** RECORDED INFORMATION follows **

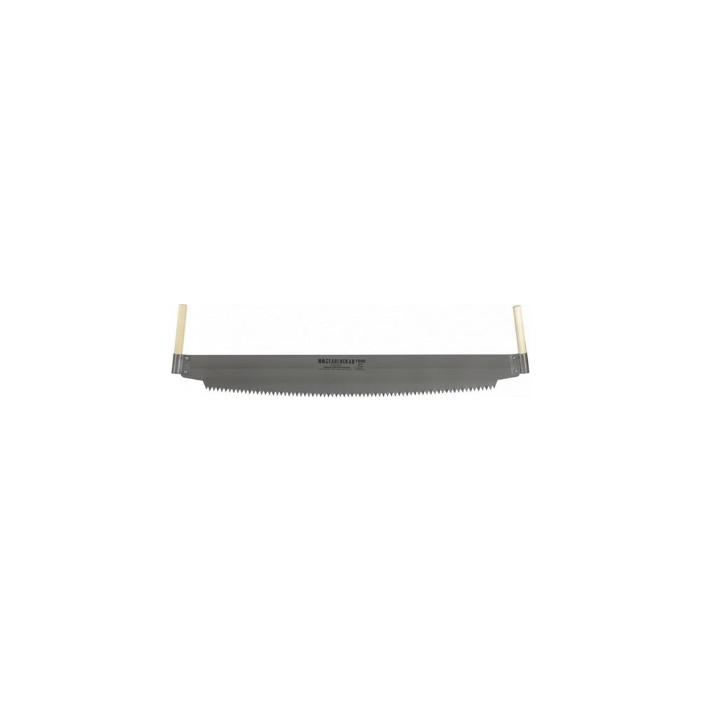 Двуручная пила используется для распиловки древесины. С ее помощью можно спиливать деревья и заготавливать дрова. Крупные зубья с двухгранной заточкой и шагом 12 мм обеспечивают быстрый рез. Зубья разведены, поэтому полотно не застревает в древесине, а стружка своевременно удаляется. Пила пригодится для работы на дачном участке.
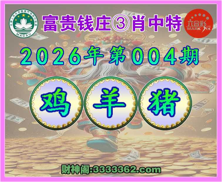 004期:《富贵钱庄》 ♥️③肖中特♥️【.羊.猪】开:鸡45
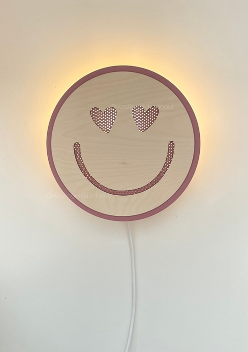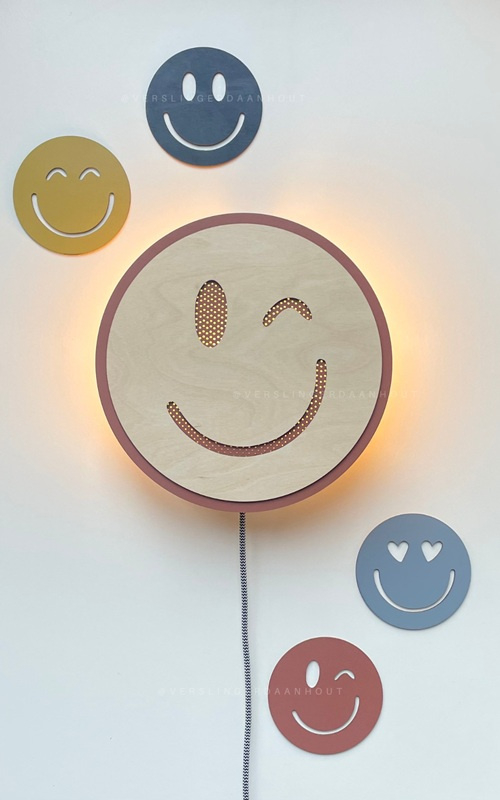 Wie is er nou niet dol op smiley's! Een leuke smiley lamp vrolijkt toch iedere kamer op :). Er is keuze uit 6 verschillende smiley's, want ja iedereen vindt wat anders leuk en wij konden niet kiezen! De lamp is gemaakt van 6 mm berkenhout voor de onderlaag, met een 3 mm berkenhout voor de bovenlaag waar het smiley gezichtje is uitgesneden. In de onderste laag zitten op de plek waar het smiley gezichtje zit gaatjes gemaakt waardoor het licht mooi doorheen schijnt. Beide lagen kunnen in kleur naar keuze worden gemaakt.

** End of RECORDED INFORMATION **

TRY IT:
Omit the pictures and reproduce the listing exactly.

YOUR RESPONSE:
 Двуручная пила используется для распиловки древесины. С ее помощью можно спиливать деревья и заготавливать дрова. Крупные зубья с двухгранной заточкой и шагом 12 мм обеспечивают быстрый рез. Зубья разведены, поэтому полотно не застревает в древесине, а стружка своевременно удаляется. Пила пригодится для работы на дачном участке.
 004期:《富贵钱庄》 ♥️③肖中特♥️【.羊.猪】开:鸡45
 Wie is er nou niet dol op smiley's! Een leuke smiley lamp vrolijkt toch iedere kamer op :). Er is keuze uit 6 verschillende smiley's, want ja iedereen vindt wat anders leuk en wij konden niet kiezen! De lamp is gemaakt van 6 mm berkenhout voor de onderlaag, met een 3 mm berkenhout voor de bovenlaag waar het smiley gezichtje is uitgesneden. In de onderste laag zitten op de plek waar het smiley gezichtje zit gaatjes gemaakt waardoor het licht mooi doorheen schijnt. Beide lagen kunnen in kleur naar keuze worden gemaakt.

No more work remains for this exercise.